With people staying closer to home during the pandemic and e-commerce sales being taxed where they live, sales tax revenue has risen sharply. State data shows a year-over-year increase of 5% in 2020 and 17% in 2021, with some of the latter likely due to inflation.
Other state and federal data are mixed:
Schoharie County unemployment in December was 2.9%, the lowest in a third of a century. The November and January unemployment rates were the lowest in 33 years for those months.

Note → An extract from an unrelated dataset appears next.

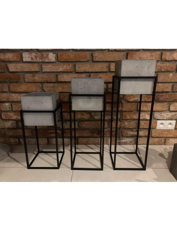 Nowoczesny, metalowy kwietnik, stojak loft z donicą betonową. Piękny minimalistyczny wykonany z czarnego metalu doskonale wkomponuje się w każde loftowe wnętrze. Stojak, donica sprawdzi się również w aranżacjach na tarasie, balkonie czy w biurze. Solidne wykonania sprawi, że przez wiele lat będzie zdobiła Nasze wnętrza. W połączeniu z kwietnikami o różnych rozmiarach stworzy niezwykłe, oryginalne dekoracje w loftowym wnętrzu.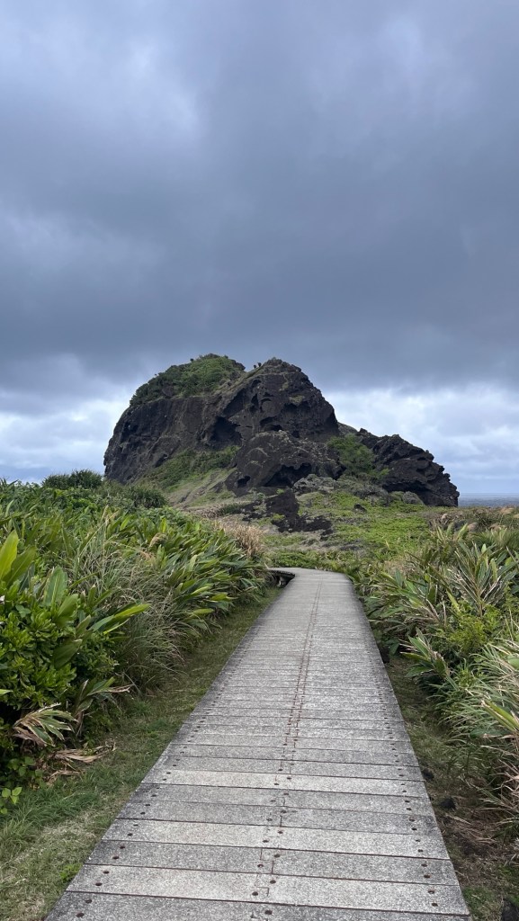 Außer mir sind eine Handvoll weitere Schaulustige und drei Fischer in Ponchos bereit, die frühen Morgenstunden zu nutzen. Ich habe aber den größten Zeitdruck und eile daher vor allen anderen auf die Insel. Es ist nicht zu unterschätzen, wie weit man auch auf dieser noch laufen kann, ein Steg durch die Sträucher zieht sich in die Länge. Man soll keine Tiere füttern, denn das Ökosystem sei sehr empfindlich. Hinter dem ersten Felsen erscheinen weitere, und auf einen kann man sogar hinaufklettern. Von dort kann ich in viele Richtungen schauen, ebenfalls sehr beeindruckend. Den letzten Part zum Leuchtturm und den Klippen direkt am offenen Meer bestreite ich leider nicht, denn ich habe meine Regenjacke noch beim Fahrrad und will keine Volldurchnässung am Beginn der Tagestour riskieren.

Schoharie County lost a higher percentage of its population (9.3%) than any other New York state between the 2010 and 2020 censuses, in part likely due to the departure of Irene’s victims.
Median household income is significantly lower in Schoharie County than neighboring Albany County, but significantly higher than neighboring Montgomery County.
A lower percentage of Schoharie County’s working-age population is employed than in Albany and Montgomery counties and those who work average longer commute times.
Occupancy tax revenue was the highest on record in 2021, Pacatte said, “and our real estate transactions were off the charts, especially in the southern part of the county.”
NUMERIC FRACTION
Looking ahead, SEEC currently has three main focuses, Pacatte said: Main Street development, industrial recruitment and the expansion of high-speed internet access.
Main village streets throughout the county have their charm and have people working to promote them.
Through stimulus funding and the advice of a consultant, SEEC has identified key elements of the Mohawk Valley and Capital Region economies, unmet needs in these economies, and ways the county de Schoharie could try to fill these gaps.
MIDTEL has extended high-speed internet to large swaths of the county, Pacatte said, but “we definitely have gaps.”
SEEC has looked at how other communities across the country have overcome the so-called digital divide that limits prospects for remote work and economic development, she said, and it continues to make efforts at home. .
The county announced $250,000 in funding to help businesses adopt digital platforms and within five days, three dozen apps totaled more than the total pot available. The county is now considering additional funding for this purpose.
The most recent effort was launched last week: a request for proposals to install a $100,000 public Wi-Fi hub on Main Street in the village of Schoharie, a two-minute walk from the old county jail.
Those wishing to submit proposals for the former Schoharie County Public Safety Complex must participate in a guided tour on April 1 or April 19.
The deadline for proposals is April 29. The selection will be made on June 17.